Born on February 6, 1733, in New York City, Province of New York, British America, Duane completed preparatory studies and read law in 1754,[1] with James Alexander.[2] He was admitted to the bar on August 3, 1754,[3] and entered private practice in New York City from 1754 to 1762, when he became a clerk of the Chancery Court of New York.[4]

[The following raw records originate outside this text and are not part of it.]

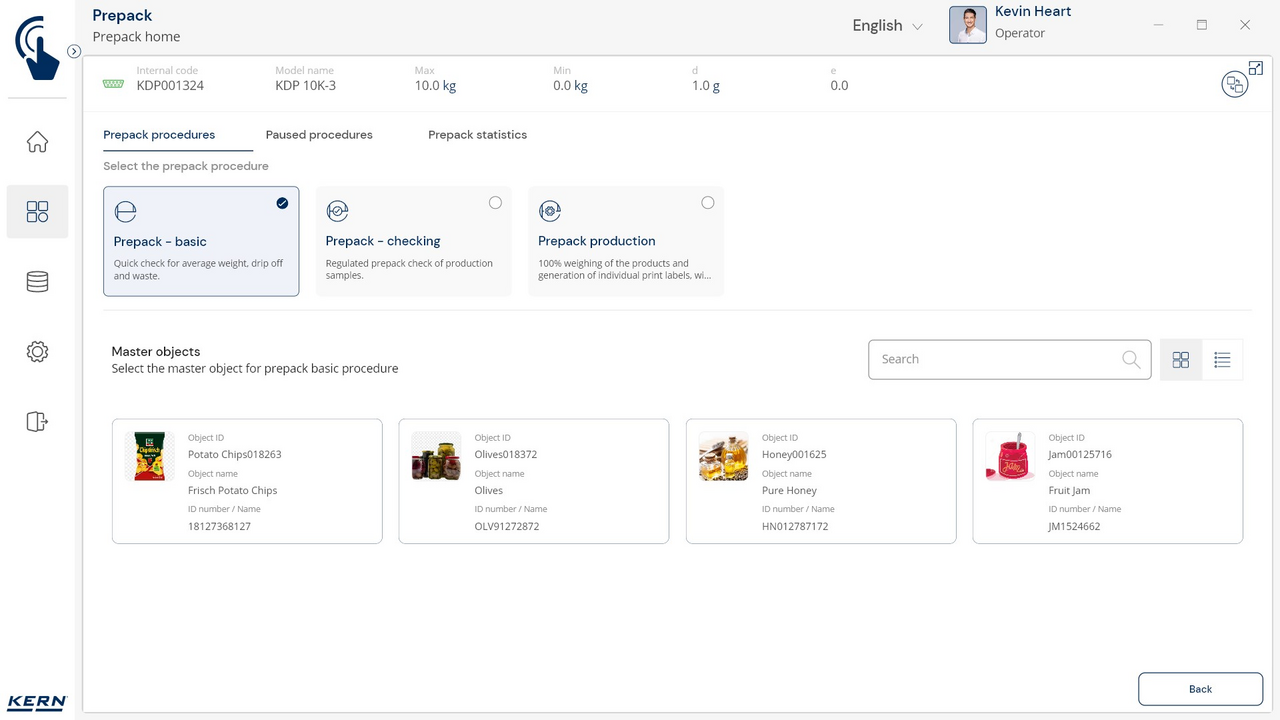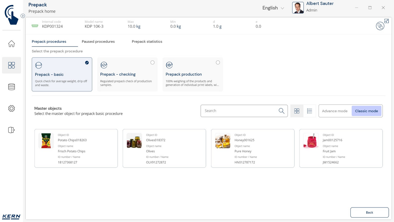 - Konformitätsbewertete Waagen: Wie alle anderen EasyTouch-Funktionen auch, kann PrePack mit geeichten KERN-Waagen (Konformitätsbewertung nach NAWI, 2014/31/EU) mit eingebautem Alibispeicher betrieben werden. Die Alibi-Speicher-ID der Waage wird an die Software übergeben und mit den Messdaten objektbezogen und manipulationssicher gespeichert. Anhand dieser Messwert-bezogenen Alibi-ID in der Software kann im Bedarfsfall der geeichte Wiegewert im Speicher der Waage eindeutig rückverfolgt und nachgewiesen werden
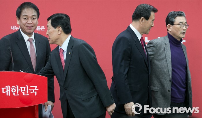 (서울=포커스뉴스) 이한구 새누리당 공천관리위원장과 위원들이 11일 오후 서울 여의도 당사에서 공관위 내부 갈등 등에 대해 사과하는 내용의 기자회견을 마친 뒤 퇴장하고 있다. 왼쪽부터 박종희 위원, 황진하 부위원장, 홍문표 위원, 이 위원장.
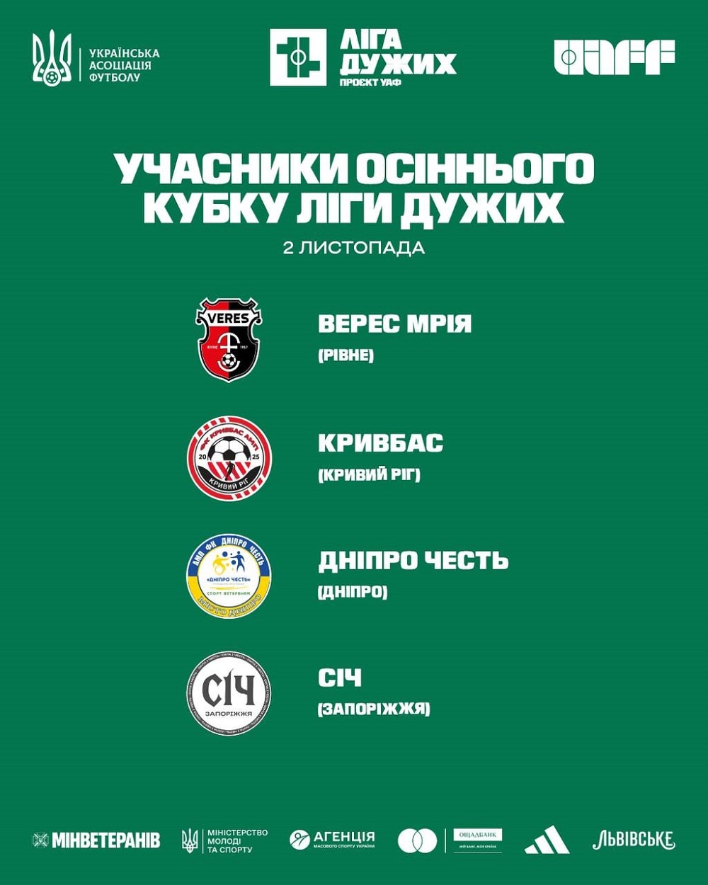 2 листопада на стадіоні «Черкаси-Арена» пройде Осінній кубок «Ліги дужих» — турнір, що збере чотири команди ветеранів і захисників України.
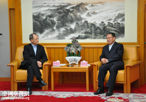 清远市委书记葛长伟会见台湾台泥董事长辜成允,图为会见现场。(图片来源:清远市台办)
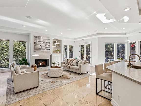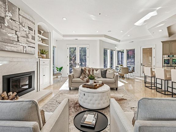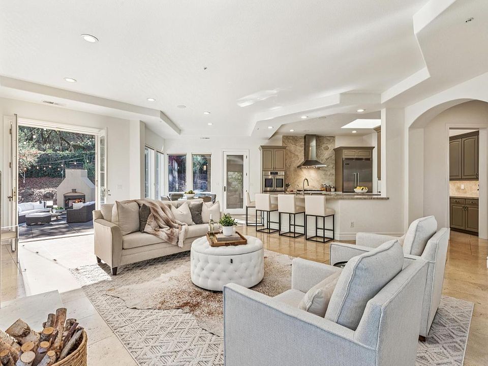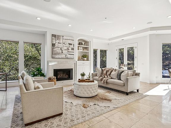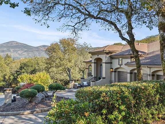 Nestled in an enclave of custom homes with all city services minutes to downtown Napa, this mostly single-level home showcases stunning views of Mt George & beautiful oak studded grounds with natural boulder outcroppings. Highly desirable floor plan featuring primary ensuite & all living areas on main level. Spacious great room offers family room with gas fireplace opening to gourmet kitchen with stainless appliances, large center island with counter seating, informal dining area & French doors with access to expansive outdoor entertaining area with bistro lighting. Relax by the gas fireplace & unwind by the tranquil water feature surrounded by majestic oaks & natural rock outcroppings. Luxurious primary ensuite includes its own fireplace, cozy seating area, spa-like bath, huge walk-in closet, views of & French doors that open to the extraordinary grounds. Perfect for entertaining or extended family stays with lower level featuring 1500+/- bottle temperature-controlled wine cellar & 3 additional BRs with separate entrance, ideal for guests or multigenerational living. French doors throughout create seamless indoor-outdoor living opening to outdoor seating, entertaining & dining areas. Whole house owned solar & generator, 3 car garage with EV charger & more!
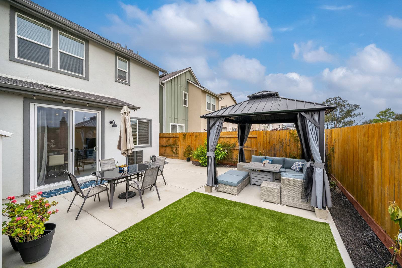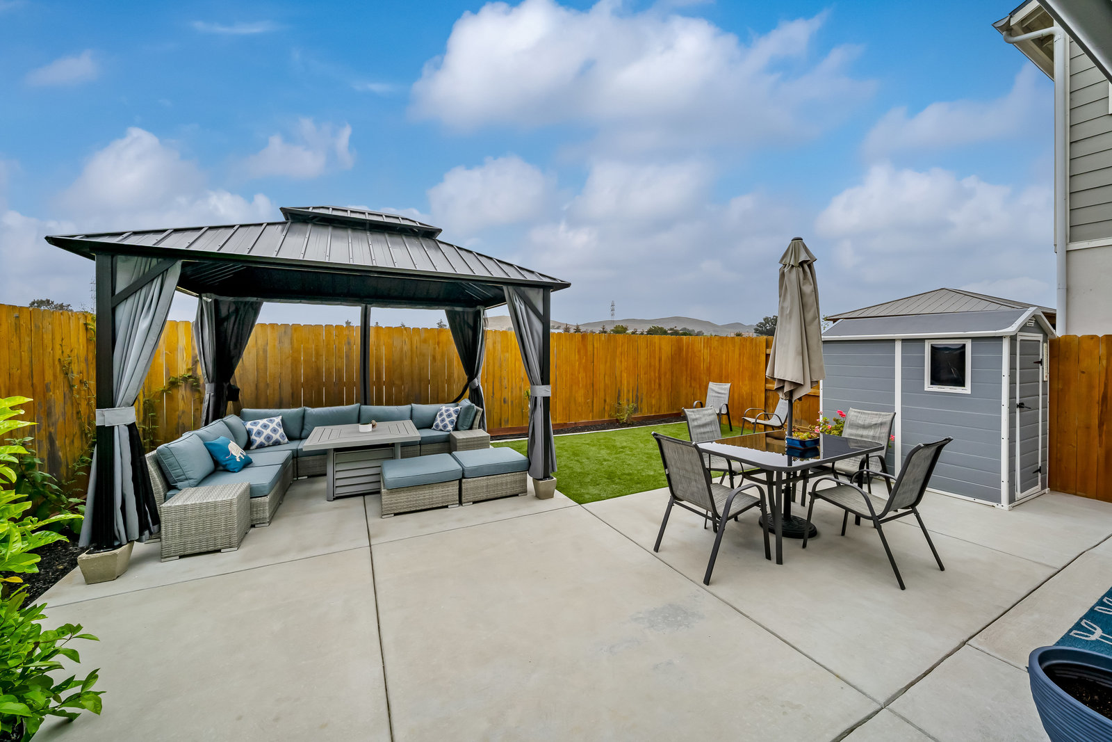 Enjoy this move-in ready residence in the Heirloom Collection at San Luis Ranch! Convenient to downtown SLO, Laguna Lake Regional Park, hiking and biking Cerro San Luis and the Irish Hills as well as shopping and dining at the San Luis Ranch Farm and Marketplace. This stylishly upgraded home is perfectly situated to enjoy all that the Central Coast has to offer. The home features an all-electric design with energy efficient heat pump technology for hot water, heating and air conditioning in addition to owned solar and Powerwall battery storage. This low maintenance property includes four spacious bedrooms, three full bathrooms and a half bath. The first level en-suite with a separate entrance is ideal for guests, home office, multi-generational living or rental income potential. Upstairs the en-suite primary bedroom includes a walk-in closet and a luxe bathroom with dual sink vanity and a tiled shower surround. Two second level bedrooms and full bathroom give you plenty of room for the whole family. The inviting floor plan includes finishes such as luxury vinyl plank flooring throughout the living spaces, smooth trowel finished walls, and a peaceful palette of paint colors. With an abundance of natural light, the living room is a comfortable space to unwind after a day of exploring local beaches. The kitchen features quartz counter tops and backslash, an island with breakfast bar, and a Samsung stainless steel appliance package (refrigerator included). The thoughtfully designed kitchen is the perfect spot for creating great meals with produce from the community gardens, and you’ll love gathering around the table with friends in this open concept home with its easy indoor-outdoor transition. Set amongst the backdrop of territorial hills, the rear yard provides an amazing outdoor living space with a paved patio, synthetic turf, citrus tree, and drought tolerant landscaping. Additional highlights include a single car garage with storage niche, a laundry room with stainless steel sink and large capacity washer and dryer. This is a wonderful opportunity to call one of SLO county’s special spaces home!
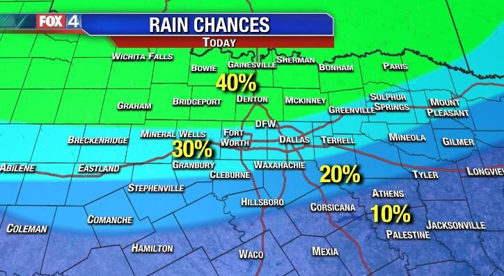 Rain chances are highest today, but will be most likely in areas north of DFW. High pressure remains our dominant weather feature, which means no heat relief in sight. Expect low 90s each afternoon across North Texas.
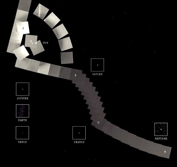 The cameras of Voyager 1 on Feb. 14, 1990, pointed back toward the sun and took a series of pictures of the sun and the planets, making the first ever "portrait" of our solar system as seen from the outside. In the course of taking this mosaic consisting of a total of 60 frames, Voyager 1 made several images of the inner solar system from a distance of approximately 4 billion miles and about 32 deqrees above the ecliptic plane. Thirty-nine wide angle frames link together six of the planets of our solar system in this mosaic. Outermost Neptune is 30 times further from the sun than Earth. Our sun is seen as the bright object in the center of the circle of frames. The wide- angle image of the sun was taken with the camera's darkest filter (a methane absorption band) and the shortest possible exposure (5 thousandths of a second) to avoid saturating the camera's vidicon tube with scattered sunlight. The sun is not large as seen from Voyager, only about one-fortieth of the diameter as seen from Earth, but is still almost 8 million times brighter than the brightest star in Earth's sky, Sirius. The result of this great brightness is an image with multiple reflections from the optics in the camera. Wide-angle images surrounding the sun also show many artifacts attributable to scattered light in the optics. These were taken through the clear filter with one second exposures. The insets show the planets magnified many times. Narrow-angle images of Earth, Venus, Jupiter, Saturn, Uranus and Neptune were acquired as the spacecraft built the wide-angle mosaic. Jupiter is larger than a narrow-angle pixel and is clearly resolved, as is Saturn with its rings. Uranus and Neptune appear larger than they really are because of image smear due to spacecraft motion during the long (15 second) exposures. From Voyager's great distance Earth and Venus are mere points of light, less than the size of a picture element even in the narrow-angle camera. Earth was a crescent only 0.12 pixel in size. Coincidentally, Earth lies right in the center of one of the scattered light rays resulting from taking the image so close to the sun.

Duane was acting Attorney General of the Province of New York in 1767,[1] and a boundary commissioner in 1768 (and again in 1784). He was Indian Commissioner for the Province of New York in 1774, before returning to private practice in New York City in 1774 and 1775. He was a delegate to the Provincial Convention in 1775 and a member of the Revolutionary Committee of One Hundred. He was a delegate to the Second Continental Congress and the Congress of the Confederation from 1776 to 1783. He was a member of the Provincial Congress of New York from 1776 to 1777. He was a member of the New York State Senate from 1782 to 1785, and from 1788 to 1790. He was the 44th Mayor of New York City from 1784 to 1789,[4] appointed by the Council of Appointment.[5] He was chosen a member of the Annapolis Convention in 1786, but did not attend. He was a delegate to the New York Convention which ratified the United States Constitution in 1788.[3] Duane was a member of the Federalist Party.[1]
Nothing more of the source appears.